*** Opening Given entries ***

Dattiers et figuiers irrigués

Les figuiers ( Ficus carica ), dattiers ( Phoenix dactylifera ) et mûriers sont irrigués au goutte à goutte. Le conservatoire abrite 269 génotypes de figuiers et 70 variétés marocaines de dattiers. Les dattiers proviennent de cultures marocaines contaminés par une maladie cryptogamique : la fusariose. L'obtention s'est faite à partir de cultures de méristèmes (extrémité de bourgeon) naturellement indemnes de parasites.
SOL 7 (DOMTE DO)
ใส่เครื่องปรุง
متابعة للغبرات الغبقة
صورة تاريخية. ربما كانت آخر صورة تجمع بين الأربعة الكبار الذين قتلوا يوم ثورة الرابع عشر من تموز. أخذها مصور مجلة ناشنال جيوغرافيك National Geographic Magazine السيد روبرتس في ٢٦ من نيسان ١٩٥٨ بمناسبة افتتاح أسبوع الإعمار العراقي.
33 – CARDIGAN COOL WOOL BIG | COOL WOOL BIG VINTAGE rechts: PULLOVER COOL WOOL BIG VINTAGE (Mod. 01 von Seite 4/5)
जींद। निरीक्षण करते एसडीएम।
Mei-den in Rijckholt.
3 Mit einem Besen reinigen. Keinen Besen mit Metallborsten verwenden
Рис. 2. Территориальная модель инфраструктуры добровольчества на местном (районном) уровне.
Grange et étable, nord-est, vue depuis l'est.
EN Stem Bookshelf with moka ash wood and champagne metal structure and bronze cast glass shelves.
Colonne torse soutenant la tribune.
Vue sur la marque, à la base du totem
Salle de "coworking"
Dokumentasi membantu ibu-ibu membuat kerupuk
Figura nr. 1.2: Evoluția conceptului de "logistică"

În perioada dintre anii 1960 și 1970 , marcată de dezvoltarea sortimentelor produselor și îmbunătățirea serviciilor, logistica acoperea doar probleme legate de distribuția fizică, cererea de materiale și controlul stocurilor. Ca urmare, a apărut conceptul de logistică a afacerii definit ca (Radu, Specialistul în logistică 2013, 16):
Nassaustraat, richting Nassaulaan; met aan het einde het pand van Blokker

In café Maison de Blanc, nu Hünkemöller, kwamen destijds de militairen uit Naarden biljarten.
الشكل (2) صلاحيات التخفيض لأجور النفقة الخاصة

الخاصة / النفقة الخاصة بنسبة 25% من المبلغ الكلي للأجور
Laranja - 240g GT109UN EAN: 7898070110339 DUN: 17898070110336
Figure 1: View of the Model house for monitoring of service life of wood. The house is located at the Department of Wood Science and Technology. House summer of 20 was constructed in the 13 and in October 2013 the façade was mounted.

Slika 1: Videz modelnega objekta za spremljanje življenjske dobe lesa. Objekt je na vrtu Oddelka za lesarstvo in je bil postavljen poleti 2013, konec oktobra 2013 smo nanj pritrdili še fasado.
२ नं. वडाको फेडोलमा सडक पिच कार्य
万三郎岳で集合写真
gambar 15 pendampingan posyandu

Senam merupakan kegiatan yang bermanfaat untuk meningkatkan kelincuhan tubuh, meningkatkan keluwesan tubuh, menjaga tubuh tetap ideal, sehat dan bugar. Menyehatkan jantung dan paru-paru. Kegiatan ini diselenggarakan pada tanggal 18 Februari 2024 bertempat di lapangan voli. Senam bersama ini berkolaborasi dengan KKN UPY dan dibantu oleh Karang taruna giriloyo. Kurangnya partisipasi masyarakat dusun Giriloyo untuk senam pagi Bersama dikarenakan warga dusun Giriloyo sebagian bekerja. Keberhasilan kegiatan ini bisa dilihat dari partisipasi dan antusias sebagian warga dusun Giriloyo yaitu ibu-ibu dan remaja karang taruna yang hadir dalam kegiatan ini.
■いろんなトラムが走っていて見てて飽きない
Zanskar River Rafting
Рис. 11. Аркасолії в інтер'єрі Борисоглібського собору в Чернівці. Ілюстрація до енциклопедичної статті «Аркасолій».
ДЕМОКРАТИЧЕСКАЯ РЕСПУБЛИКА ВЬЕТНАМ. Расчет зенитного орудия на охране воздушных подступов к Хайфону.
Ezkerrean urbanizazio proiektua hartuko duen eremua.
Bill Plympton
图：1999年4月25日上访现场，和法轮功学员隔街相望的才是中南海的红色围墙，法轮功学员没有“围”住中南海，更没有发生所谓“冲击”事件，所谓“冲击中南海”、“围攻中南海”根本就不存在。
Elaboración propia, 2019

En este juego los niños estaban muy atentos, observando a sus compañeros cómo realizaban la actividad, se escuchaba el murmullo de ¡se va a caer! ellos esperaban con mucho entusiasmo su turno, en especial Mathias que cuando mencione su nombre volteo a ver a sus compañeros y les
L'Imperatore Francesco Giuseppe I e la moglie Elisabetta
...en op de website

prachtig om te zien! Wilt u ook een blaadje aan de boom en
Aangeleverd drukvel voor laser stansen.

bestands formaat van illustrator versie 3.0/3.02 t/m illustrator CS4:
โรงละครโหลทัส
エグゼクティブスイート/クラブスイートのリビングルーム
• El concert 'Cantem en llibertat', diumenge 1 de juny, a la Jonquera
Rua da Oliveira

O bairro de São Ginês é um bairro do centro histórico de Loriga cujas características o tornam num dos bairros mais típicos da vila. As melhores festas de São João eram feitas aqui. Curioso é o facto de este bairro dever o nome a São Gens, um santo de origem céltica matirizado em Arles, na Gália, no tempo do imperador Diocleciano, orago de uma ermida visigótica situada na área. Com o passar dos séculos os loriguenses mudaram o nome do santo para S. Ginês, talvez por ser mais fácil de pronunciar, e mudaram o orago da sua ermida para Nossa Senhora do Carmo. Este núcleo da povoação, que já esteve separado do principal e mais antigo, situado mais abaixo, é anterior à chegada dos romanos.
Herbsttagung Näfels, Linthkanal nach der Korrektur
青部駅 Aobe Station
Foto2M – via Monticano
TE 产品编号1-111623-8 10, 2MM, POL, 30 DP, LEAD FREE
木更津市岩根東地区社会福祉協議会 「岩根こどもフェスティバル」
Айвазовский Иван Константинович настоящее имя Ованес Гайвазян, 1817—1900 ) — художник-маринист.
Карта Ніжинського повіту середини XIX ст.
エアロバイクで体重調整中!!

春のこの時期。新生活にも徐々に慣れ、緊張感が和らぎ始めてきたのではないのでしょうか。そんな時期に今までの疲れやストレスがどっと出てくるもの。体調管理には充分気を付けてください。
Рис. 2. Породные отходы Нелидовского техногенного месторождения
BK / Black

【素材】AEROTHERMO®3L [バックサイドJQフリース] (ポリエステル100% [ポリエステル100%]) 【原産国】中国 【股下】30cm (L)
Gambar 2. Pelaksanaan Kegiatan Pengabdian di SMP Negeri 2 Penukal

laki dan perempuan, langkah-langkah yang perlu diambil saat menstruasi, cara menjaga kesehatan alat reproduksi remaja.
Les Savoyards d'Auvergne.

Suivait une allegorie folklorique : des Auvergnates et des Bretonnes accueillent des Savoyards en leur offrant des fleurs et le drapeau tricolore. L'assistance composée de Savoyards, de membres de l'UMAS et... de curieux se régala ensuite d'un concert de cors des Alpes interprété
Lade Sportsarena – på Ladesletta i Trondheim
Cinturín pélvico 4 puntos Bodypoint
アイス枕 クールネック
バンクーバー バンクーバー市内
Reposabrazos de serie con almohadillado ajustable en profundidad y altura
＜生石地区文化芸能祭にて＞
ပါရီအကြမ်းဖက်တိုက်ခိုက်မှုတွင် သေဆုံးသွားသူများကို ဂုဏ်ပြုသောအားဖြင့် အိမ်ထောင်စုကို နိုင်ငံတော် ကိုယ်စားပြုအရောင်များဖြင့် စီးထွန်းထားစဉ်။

*** Closing Given entries ***

▶ Exercise requirements
Which lines of the records contain the word "النفقة"? Copy each of them.

▶ Solution for this problem
الشكل (2) صلاحيات التخفيض لأجور النفقة الخاصة
الخاصة / النفقة الخاصة بنسبة 25% من المبلغ الكلي للأجور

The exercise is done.